Ones that require a lot of branching and non-data-parallel code.

Quote:
"http://maxime.aega.co.uk/paper/massively-parallel%20game%20servers.pdf"

That article doesn't really do anything for networking that IOCP doesn't already. It is just a way to use GPU threads as connection handlers.

Quote:
How can you use sockets inside a shader processing unit?

You can't. The only thing CUDA can use are the most basic arithmetic operations. There is some minimal support for conditional execution. This limits the usability considerably, especially since scaling traffic is not a matter of brute force, but of smart prioritization and throttling on per-client basis. For example, even if your server can now handle 8000 players in same room, to update them, one would need to send several megabytes of data to each of them, several times per second.

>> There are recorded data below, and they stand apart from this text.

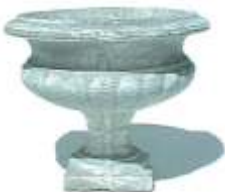
SAXON 460mm across x 380mm high
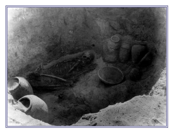
Figure 3. Naqada II burial (c. Naqada IID). El-Abadiya (Diospolis Parva), grave B379.

Such choice in funeral arrangements is also clear from the objects selected for inclusion in the tomb. It was previously assumed that some objects were made specifically for mortuary consumption, such as decorated pottery (D-ware). Examination of use-wear and settlement deposits has demonstrated, however, that this is not the case (Buchez 1998) and that the majority of tomb paraphernalia derived from daily life. Nevertheless, with the benefit of concurrent excavation of cemeteries and settlement at Adaima, it is evident that whilst all the pottery
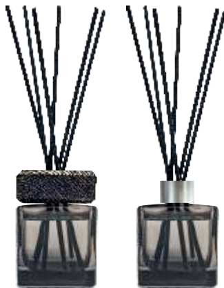
PREMIUM SQUARE diffuser
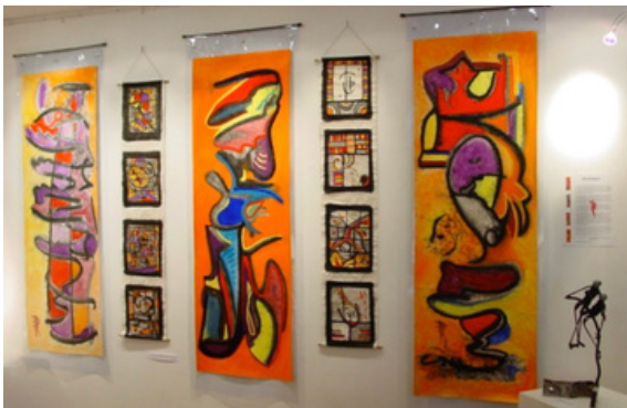
Dooleena, Rawlinna, Dillinya – Dreamspace Exhibited at Galerie Art & Miss, Paris. Acrylics, gouache, and Chinese ink on paper, 156x53cm

I grounded myself in real territories to give birth to a space of dreams – and to legendary heroines.
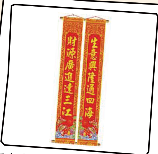
Duì lián , Spring Festival couplets, are usually written on two pieces of red paper and stuck to the door; they carry wishes for the coming year.
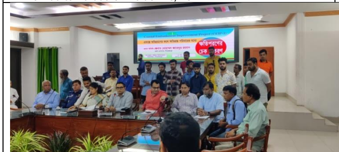
Photo 23: Mr. DC, Pirojpur distributed cheque to awardees of Polder-39/2C on 15.03.2023.
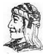
UGWA DEMOLUX YATENE Because of the help of this Oneida Chief in cementing a friendship between the six nations and the Colony of Pennsylvania, a new nation, the United States was made possible.
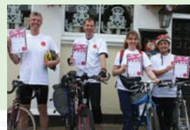
Sloan, Thom & Munro practice celebrates at the end of their ride from Biggar to Moffat.

reached over £20,000 and is still coming. The event was organised as part of the Dentaid/Denplan partnership and we would like to say a big thank you to everyone who took part.
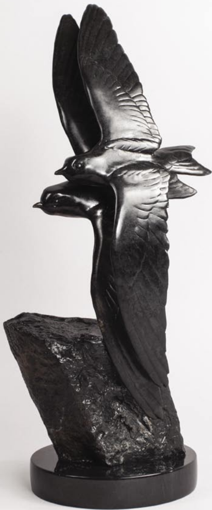
Synchrony , 1/1, bronze, 17 x 7 x 6 inches
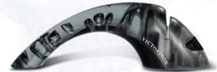
Knife sharpener, with ceramic rolls
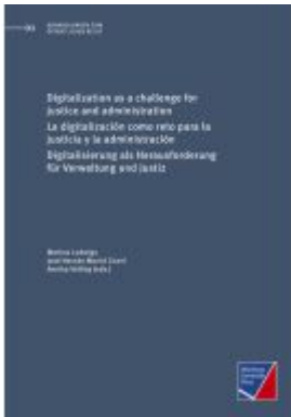
Digitalization as a challenge for justice and administration Ladenpreis: 26,60EUR
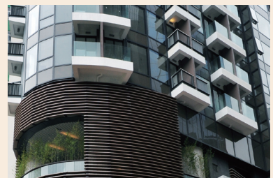
Queen's Road East project
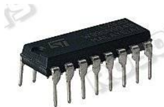
Fig 3. Motor Driver IC

L293D is a typical Motor driver or Motor Driver IC used in this project which allows DC motor to drive on either direction. L293D is a dual H-bridge 16-pin IC which can control a set of two DC motors simultaneously in any direction. Motor drivers act as current amplifiers since they take a low-current control signal and provide a higher-current signal. This higher current signal is used to drive the motors. In this system, it receives signals from Arduino based on the information from the IR Sensors. The power supply to the motors must be given from the motor driver IC.
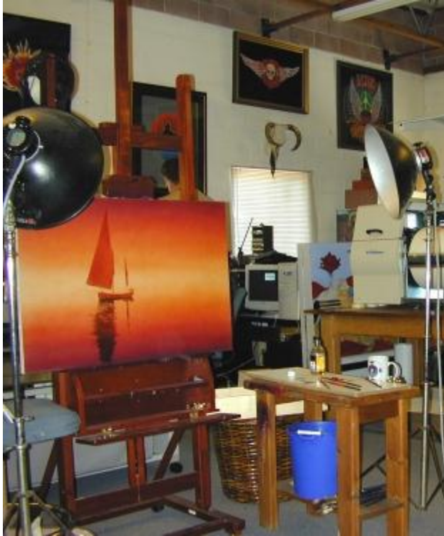
Stanley Mouse's Studio

Here is a shot of Stanley Mouse's studio. On the one hand you have a roomful of the most sophisticated computer printing equipment, large machines capable of printing off one perfect poster after another. Yet, as you can see, here is a canvas on which the artist is working, in a style about as ancient as you might imagine. What a contrast.
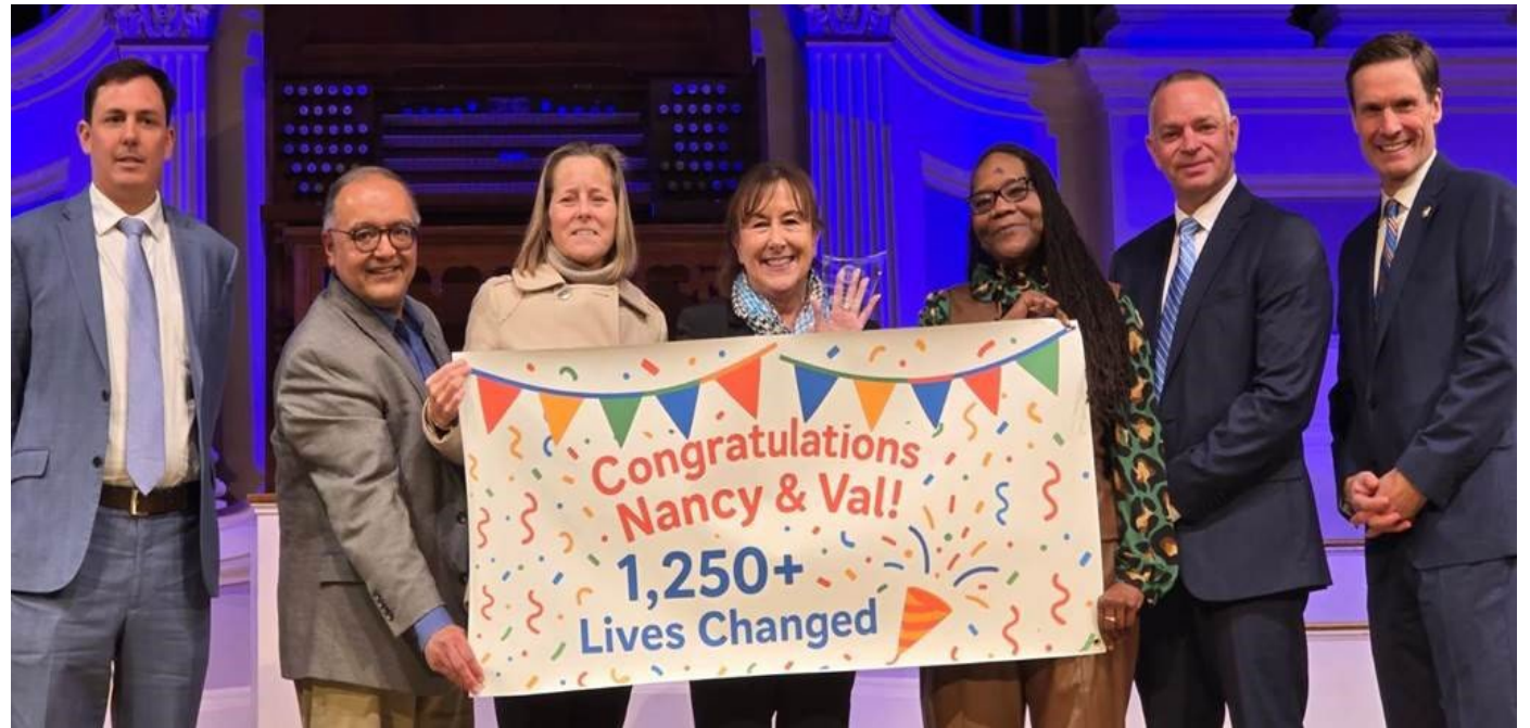
"Innovations in Public Safety Partnership Awards" for RMV's Enhanced State ID Program with the Department of Corrections on November 17 th .
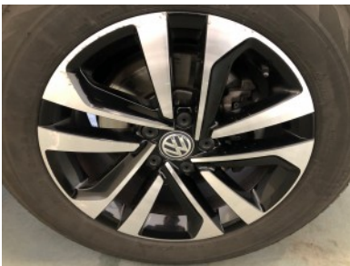
Front right rim - Scratch
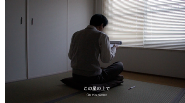
Fixed Point Observation (With My Father), 2013–2014 Single-channel video, 10'26"
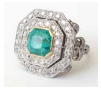
Glittering octagonal emerald and diamond ring, from the 1960s, from Plaza.

Nouveau diamond and ruby pendants, moonstone rings, and gold and platinum and diamond earrings and bracelets. Among the many unusual items will be an Edwardian Suffragette necklace with amethyst, peridot and tourmaline dated circa 1910.

In other words, as far as sockets and socket handling goes, GPU is completely irrelevant. If however you wish to perform some heavy data parallel calculations, results of which are periodically sent over network, then you can. But GPU and networking don't have anything in common.

Quote:
BTW, what is the max amount of conections in a single computer? perhaps 65536 (the number of ports)

Depends on kernel, OS version, number of IPs, etc...

I know that some 6-7 years ago single eDonkey server (one physical machine, PC) was handling on the order of ~400,000 connections.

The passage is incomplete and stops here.